Summary: | The primary concern of this thesis is the association between development and gender
relations. At three levels: international, national and regional, various concepts of development
are studied, and their different impacts on women are examined. In the first part of the thesis,
an attempt is made to compare the different experience of women in capitalist countries and
in socialist countries. In the second part, the People's Republic of China is chosen as a case
study at the national level. The focus of this part is on how the different development
frameworks affected the lives of rural women in the PRC's forty-five year history under the
Communist Party. In the last part of the thesis, the author concentrates on studying women's
lives at the regional level in the Pearl River delta, which is located in Southern Guangdong
Province. The major interest here is how women's lives in Pearl River Delta have been
changed since 1978, when Deng Xiaoping initialized a new development program in rural
China. In the conclusion, it is suggested that a gender-sensitive approach should be
emphasized in international, national and regional development planning.

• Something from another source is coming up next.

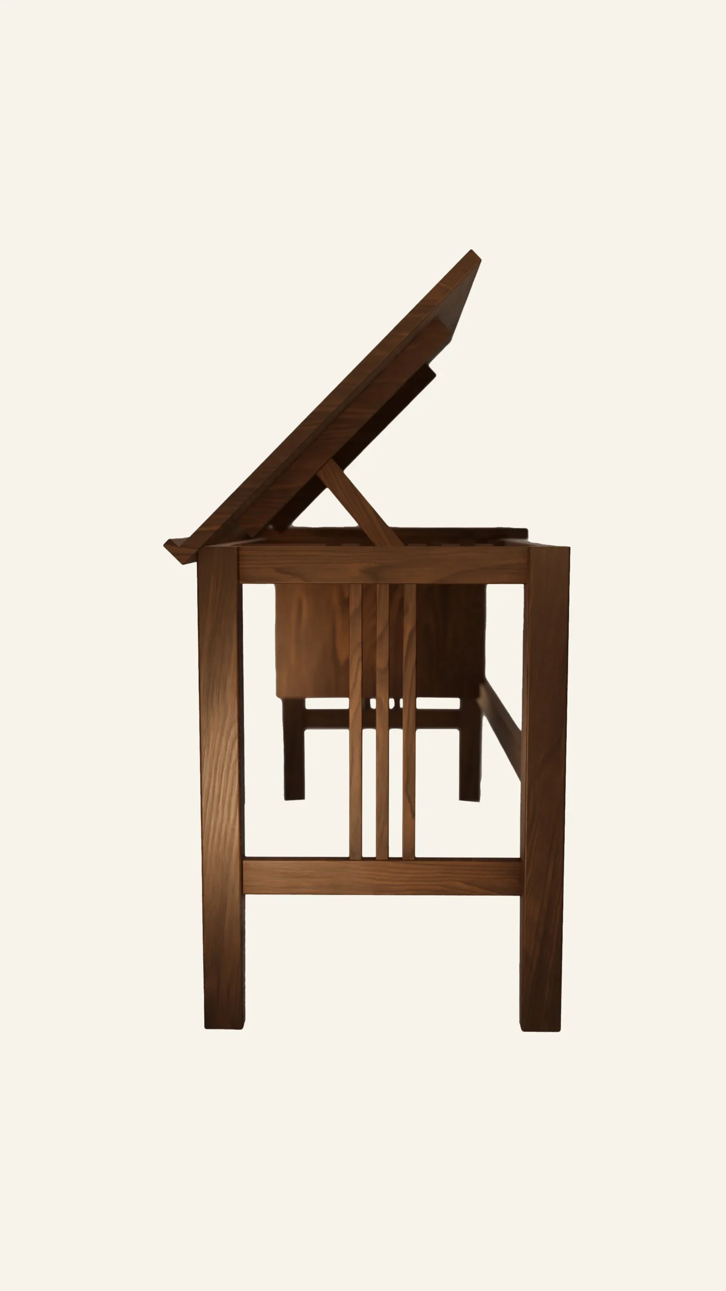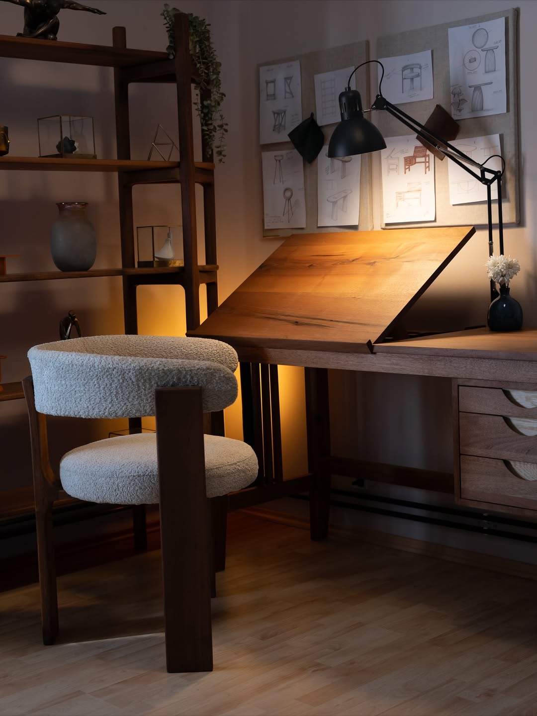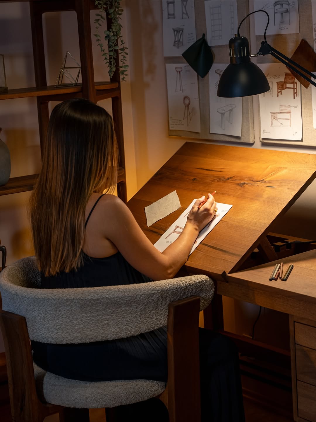 - A handcrafted walnut desk with a vintage touch — built for sketching, designing, and creating, inspired by the classic architects’ workstations.

The major sources for the second and the third parts of the thesis are from the Chinese
periodicals, including Chinese official publications, such as Zhongguo Funu [Women of China],
Renmen Ribao [People's Daily] and Nanfang Ribao [South China Daily]. Some community
studies conducted by English-language scholars are also utilised in these two parts. It is also
part of the intention of the thesis, which is through these various research sources to present
the different points of views on women in rural China.